Мы не сразу поехали в Ленинград. Сначала мы заехали на родину Маши в село Шаповаловку Борзенского района Черниговской области. Там отец и Маша оставили меня, Тёму и Белку, а сами с Долей на следующий день поехали в Ленинград. В Ленинграде у отца, кроме брата Бориса, были ещё две тётки и дядя — сёстры и брат его матери.

В первый же день после приезда, 21 июня 1941 года, отец получил телеграмму: «Немедленно вернуться в часть». Подписана телеграмма была начальником штаба дивизии, в которой служил отец. Отец решил ехать в Волковыск на следующий день, оставив Машу и Долю на попечение родственников.

Но, как известно, «22 июня, ровно в четыре часа, Киев бомбили, нам объявили, что началася война». В Ленинграде уже в 5 часов было объявлено «угрожаемое положение».

Отец и Маша решили, что ни о какой операции Доли не может быть и речи. Они сели в поезд и вместе доехали до Гомеля. Там разделились — Маша с Долей поехали на юг, в Шаповаловку, а отец — на запад, навстречу быстро разгоравшемуся пламени войны.

Из двух ленинградских тёток одна умерла во время блокады, другая и дядя остались живы.

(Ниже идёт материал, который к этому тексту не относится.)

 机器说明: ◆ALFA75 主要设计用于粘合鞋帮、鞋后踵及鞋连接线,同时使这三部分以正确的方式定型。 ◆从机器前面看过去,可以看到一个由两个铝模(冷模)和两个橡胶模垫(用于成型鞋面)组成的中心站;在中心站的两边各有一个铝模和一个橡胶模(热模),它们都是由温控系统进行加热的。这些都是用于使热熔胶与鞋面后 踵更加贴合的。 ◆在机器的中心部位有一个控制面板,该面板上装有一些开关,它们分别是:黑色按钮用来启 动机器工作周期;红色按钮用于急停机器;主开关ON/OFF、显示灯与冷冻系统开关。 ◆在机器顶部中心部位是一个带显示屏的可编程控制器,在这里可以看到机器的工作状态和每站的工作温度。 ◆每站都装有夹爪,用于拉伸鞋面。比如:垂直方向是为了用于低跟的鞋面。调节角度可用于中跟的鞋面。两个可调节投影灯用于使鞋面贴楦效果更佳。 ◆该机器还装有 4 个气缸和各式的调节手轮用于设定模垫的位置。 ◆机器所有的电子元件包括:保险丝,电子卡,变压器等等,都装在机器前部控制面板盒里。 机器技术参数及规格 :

Брат отца, Борис, вступил добровольцем в 3-ю дивизию народного ополчения. Дивизия была послана на север, в район Олонца, и была разгромлена финнами в сентябре-октябре 1941 года. Из семи тысяч бойцов и командиров от дивизии, в конечном счёте, осталось всего триста человек. Увы, среди этих трёхсот не было лейтенанта Бориса Шапиро…

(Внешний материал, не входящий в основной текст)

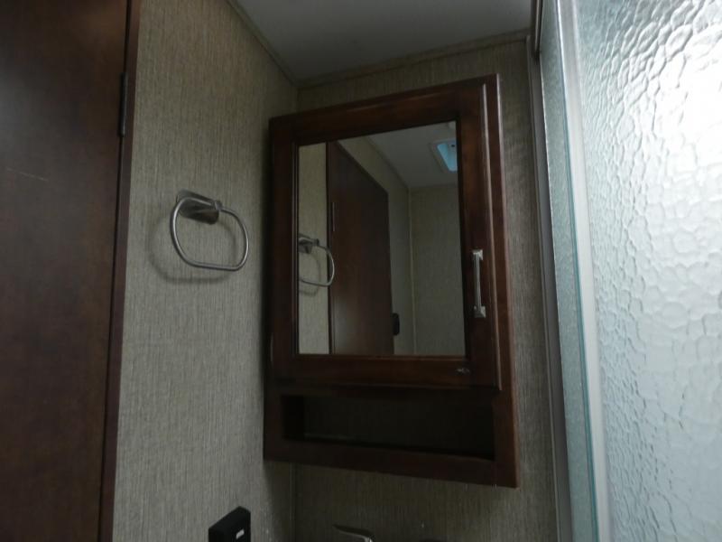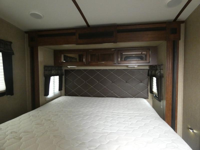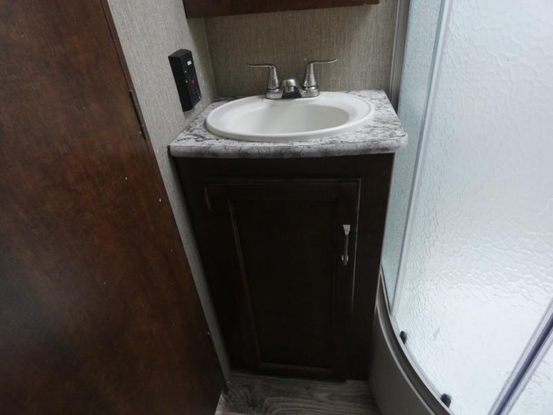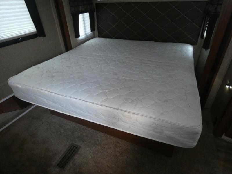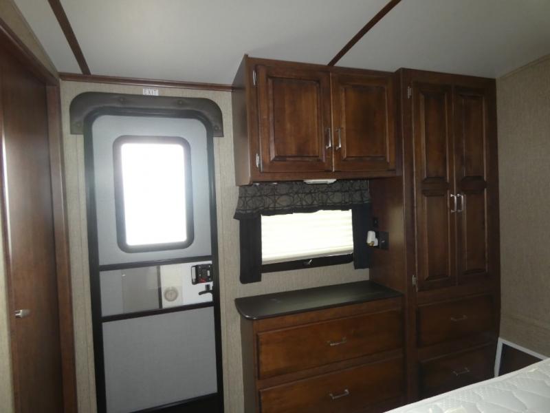 Retreat to the bedroom at night where you will get a good night's rest on the king bed. For added floor space the bed is on a slide out, and above there is an overhead cabinet. Across from the bed you will find plenty of storage thanks to the dresser and wardrobe. Near the dresser there is the second entry door which leads you outside.

Наш отец, Моисей Шапиро, двигался к фронту сначала в товарном поезде, потом на попутных машинах и, наконец, пошел пешком по Варшавскому шоссе по направлению к Минску.

Но Минск тем временем был занят немцами. Шапиро был остановлен и направлен в штаб 4-й армии, которая отступала от западной границы. Отец получил назначение в 42-ю стрелковую дивизию на свою прежнюю должность начальника санитарной службы.

42-я дивизия в начале войны находилась в Бресте и в первые же минуты была подвергнута мощнейшим ударам немецкой артиллерии. Часть дивизии осталась в Бресте и погибла, часть ушла на восток. Теряя бойцов, пополняясь разрозненными группами, отчаянно сопротивляясь, дивизия к концу июня 1941 года, когда в ней появился Шапиро, отступала вдоль Варшавского шоссе и была в районе Рогачёва.

1 июля руководство Западного фронта было смещено. Целую группу генералов судили, приговорили к расстрелу и расстреляли. Был расстрелян и командующий 4-й армии.

4-я армия была расформирована. 28-й стрелковый корпус, в который входила 42-я дивизия, в 20-х числах июля был передан 13-й армии.

Моисей Шапиро 12-го июля был назначен начальником корпусного полевого госпиталя № 17 28-го стрелкового корпуса. После передачи корпуса 13-й армии, Шапиро был назначен начальником хирургического полевого подвижного госпиталя (ХППГ) № 2406 13-й армии.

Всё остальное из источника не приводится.